Free data: utility, risks, opportunities

Some random thoughts after The possibilities of real-time data event at the City Hall.

Free your location: you’re already being photographed
I was not surprised to hear the typical objection (or rant, if you don’t mind) of institutions’ representative when requested to release data: “We must comply with the Data Protection Act!“. Although this is technically true, I’d like to remind these bureaucrats that in the UK being portraited by a photographer in a public place is legal. In other words, if I’m in Piccadilly Circus and someone wants to take a portrait of me, and possibly use it for profit, he is legally allowed to do so without my authorization.
Hence, if we’re talking about releasing Oyster data, I can’t really see bigger problems than those related to photographs: where Oyster data makes it public where you are and, possibly, when, a photograph might give insight to where you are and what you are doing. I think that where+what is intrinsically more dangerous (and misleading, in most cases) than where+when, so what’s the fuss about?

Free our data: you will benefit from it!
Bryan Sivak, Chief Technology Officer of Washington DC (yes, they have a CTO!), has clearly shown it with an impressive talk: freeing public data improves service level and saves public money. This is a powerful concept: if an institution releases data, developers and business will start creating enterprises and applications over it. But more importantly, the institution itself will benefit from better accessibility, data standards, and fresh policies. That’s why the OCTO has released data and facilitated competition by offering money prizes to developers: the government gets expertise and new ways of looking at data in return for technological free speech. It’s something the UK (local) government should seriously consider.

Free your comments: the case for partnerships between companies and users
Jonathan Raper, our Twitter’s @MadProf, is sure that partnerships between companies and users will become more and more popular. Companies, in his view, will let the cloud generate and manage a flow of information about their services and possibly integrate it in their reputation management strategy.
I wouldn’t be too optimistic, though. Albeit it’s true that many longsighted companies have started engaging with the cloud and welcome autonomous, independently run, twitter service updates, most of them will try to dismiss any reference to bad service. There are also issues with data covered by licenses (see the case of FootyTweets).
I don’t know why I keep thinking about trains as an example, but would you really think that, say, Thameslink would welcome the cloud twitting about constant delays on their Luton services? Not to mention the fact that NationalRail forced a developer to stop offering a free iPhone application with train schedules – to start selling their own, non free (yes, charging £4.99 for data you can get from their own mobile web-site for free, with the same ease of use, is indeed a stupid commercial strategy).

Ain’t it beautiful, that thing?
We’ve seen many fascinating visualization of free data, both real-time and not. Some of these require a lot of work to develop. But are they useful? What I wonder is not just if they carry any commercial utility, but if they can actually be useful to people, by improving their life experience. I have no doubt, for example, that itoworld‘s visualization of transport data, and especially those about Congestion Charging, are a great tool to let people understand policies and authorities make better planning. But I’m not sure that MIT SenseLab’s graphs of phone calls during the World Cup Final, despite being beautiful to see, funny to think about, and technically accurate, may bring any improvement to user experience. (Well, this may be the general difference between commercial and academic initiative – but I believe this applies more generally, in the area of data visualization).

Unorthodox uses of locative technologies
MIT Senselab‘s Carlo Ratti used gsm cell association data to approximate people density in streets. This is an interesting use of technology. Nonetheless, unorthodox uses of technologies, especially locative technologies, must be taken carefully.
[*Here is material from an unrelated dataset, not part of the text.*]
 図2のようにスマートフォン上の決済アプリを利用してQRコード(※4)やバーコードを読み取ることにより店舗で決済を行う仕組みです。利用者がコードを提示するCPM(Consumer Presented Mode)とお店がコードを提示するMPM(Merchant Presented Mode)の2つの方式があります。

Think about using the same technique to calculate road traffic density: you would have to consider single and multiple occupancy vehicles, where this can have different meanings on city roads and motorways. Using technology in unusual ways is fascinating and potentially useful, but the association of the appropriate technique to the right problem must be carefully gauged.
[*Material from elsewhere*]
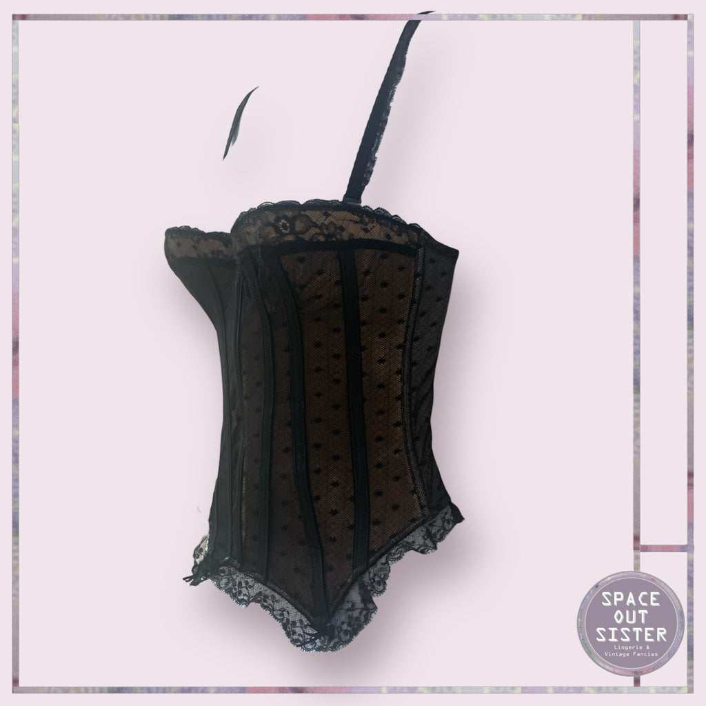 The Chantal Thomass Bustier in taupe features an elegant black lace overlay that enhances its aesthetic appeal. The adjustable straps and hook-and-eye fastening ensure a tailored fit, contributing to a flattering silhouette. This piece is designed for both comfort and style, making it a versatile addition to any wardrobe.

Risks of not-so-deep research
This is generally true in research, but I would say it’s getting more evident in location-based services research and commercial activities: targeting marginally interesting areas of knowledge and enterprise. Ratti’s words: “One PhD student is currently looking at the correlations between Britons and parties in Barcelona… no results yet“. Of course, this was told as a half-joke. But in many contexts, it’s still a half-truth.